- Born: Jerry Eugene Woodard May 25, 1941 Anniston, Alabama, U.S.
- Died: August 9, 1980 (aged 39) St. Simons Island, Georgia, U.S.
- Genres: Rockabilly, rock and roll, country, soul, blues
- Occupations: Singer, guitarist, songwriter, radio host
- Years active: 1950s–1980
- Labels: Fad, Reed, RCA Victor, Heart, Dial, Argo, Chantain

= Jerry Woodard =

Jerry Eugene Woodard (May 25, 1941 – August 9, 1980) was an American rockabilly singer, guitarist, songwriter, and radio host from Alabama. Active primarily during the 1950s and 1960s, Woodard recorded rockabilly, country, soul, blues, and pop music for labels including Fad, Reed, RCA Victor, Heart, Dial, Argo, and Chantain.
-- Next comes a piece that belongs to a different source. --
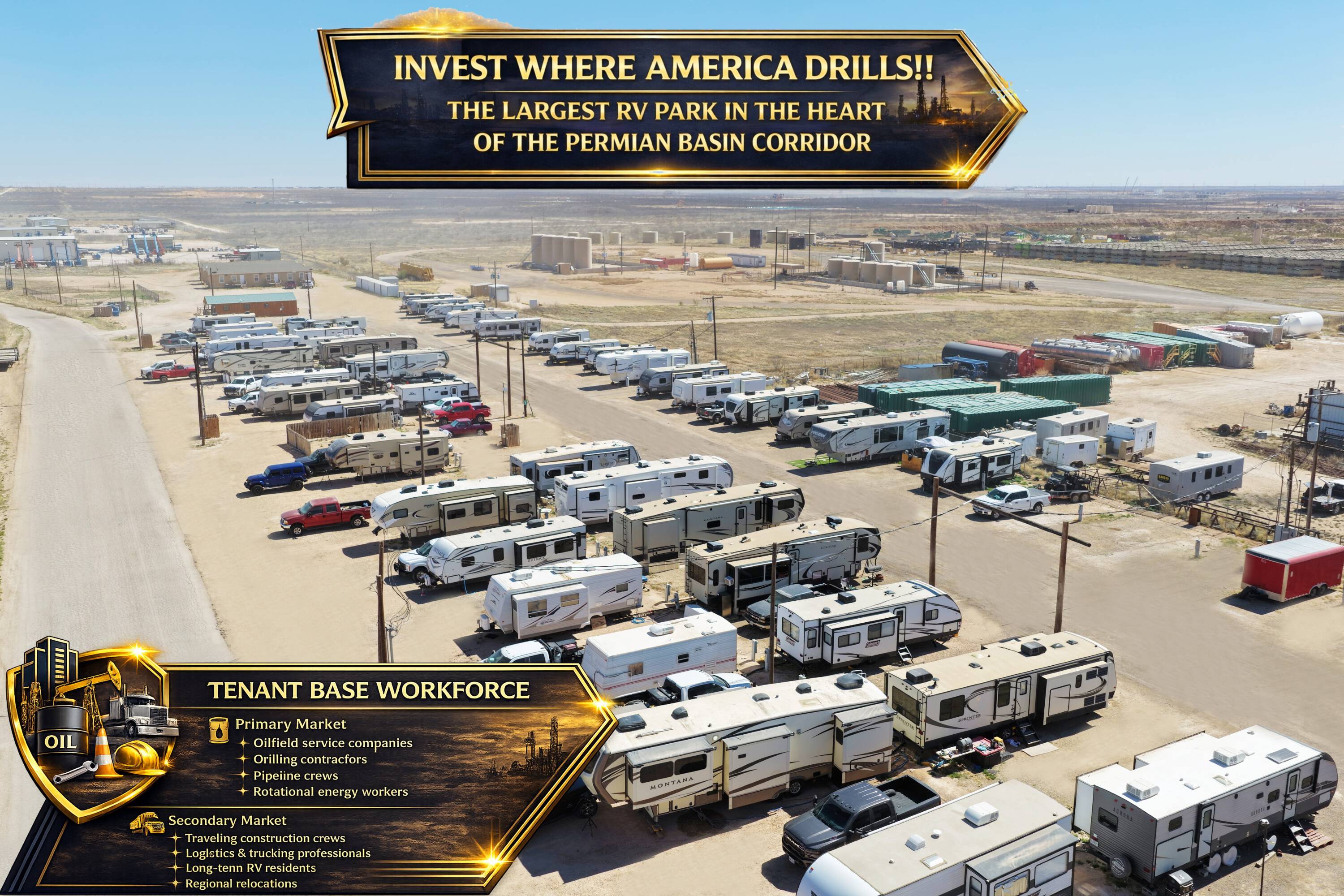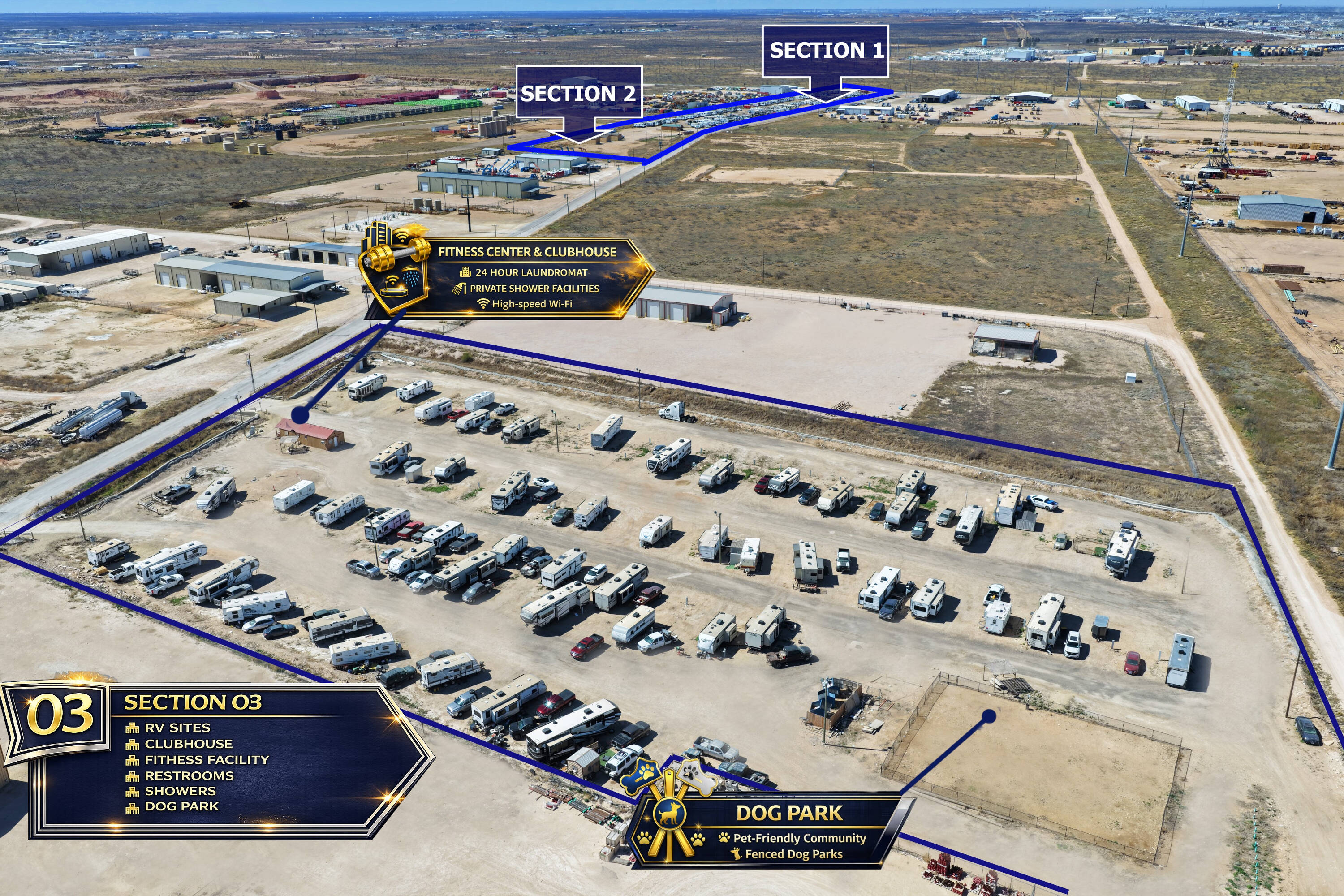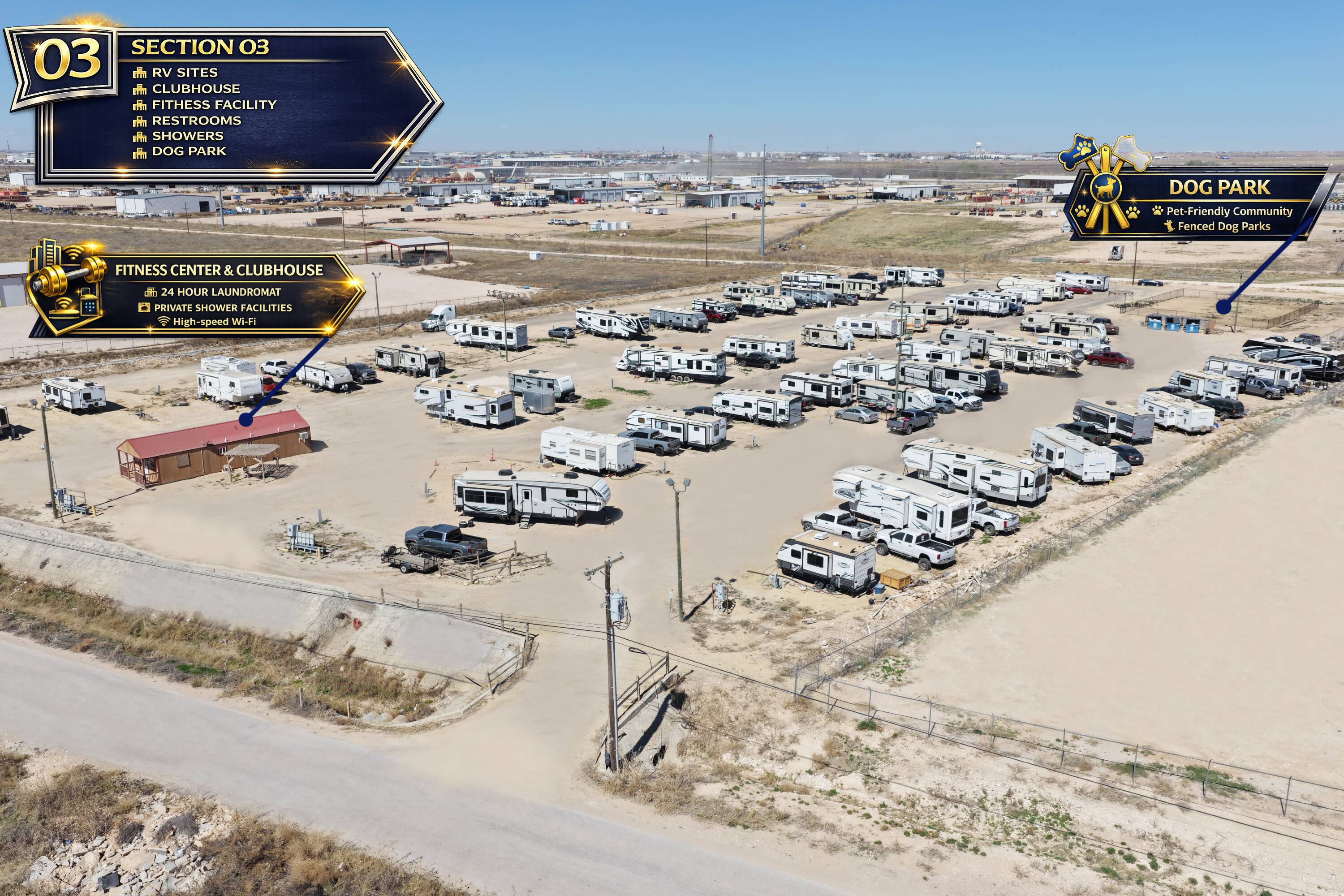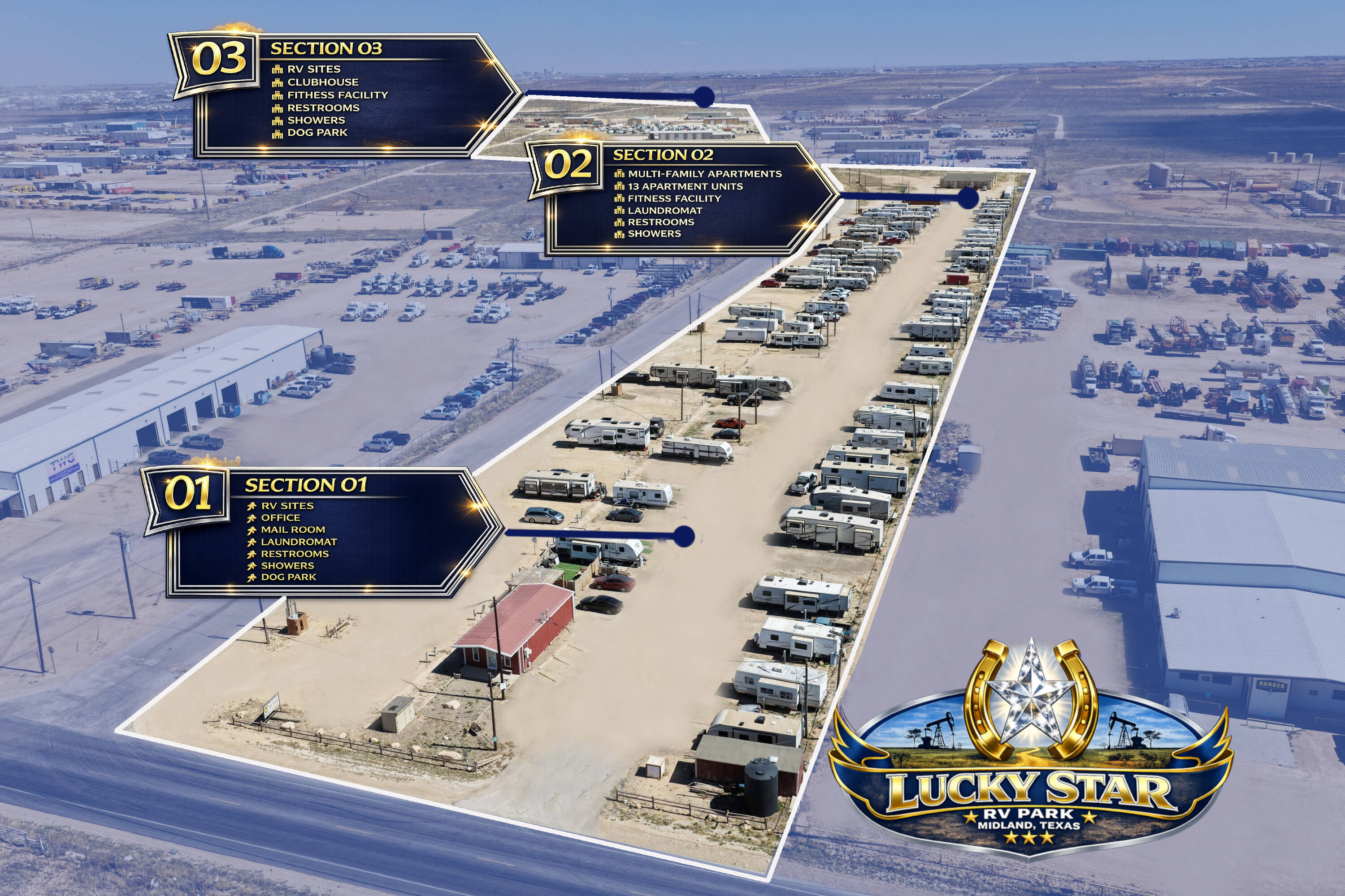 212 RV sites and 13 apartments between Midland and Odessa.

Woodard was posthumously inducted into the Birmingham Record Collectors Hall of Fame in 2010.

== Early life ==

Woodard was born in Anniston, Alabama. He grew up in a musical family. His father, a minister, played guitar and banjo, while his mother played guitar and piano and reportedly taught guitarist Jerry Reed during his youth.

During the early 1950s, Woodard's family moved to Yerington, Nevada, where he and his brother won a talent contest performing the song "Mansion in the Sky". The family later returned to Alabama and settled in Tuscumbia.

== Career ==

Woodard began performing professionally in Alabama during the 1950s. Alongside his brother Wayne Woodard, he hosted a rock and roll radio show on WHTB-AM in Talladega. At the station he met musician Bobby Mizzell, with whom he began recording music.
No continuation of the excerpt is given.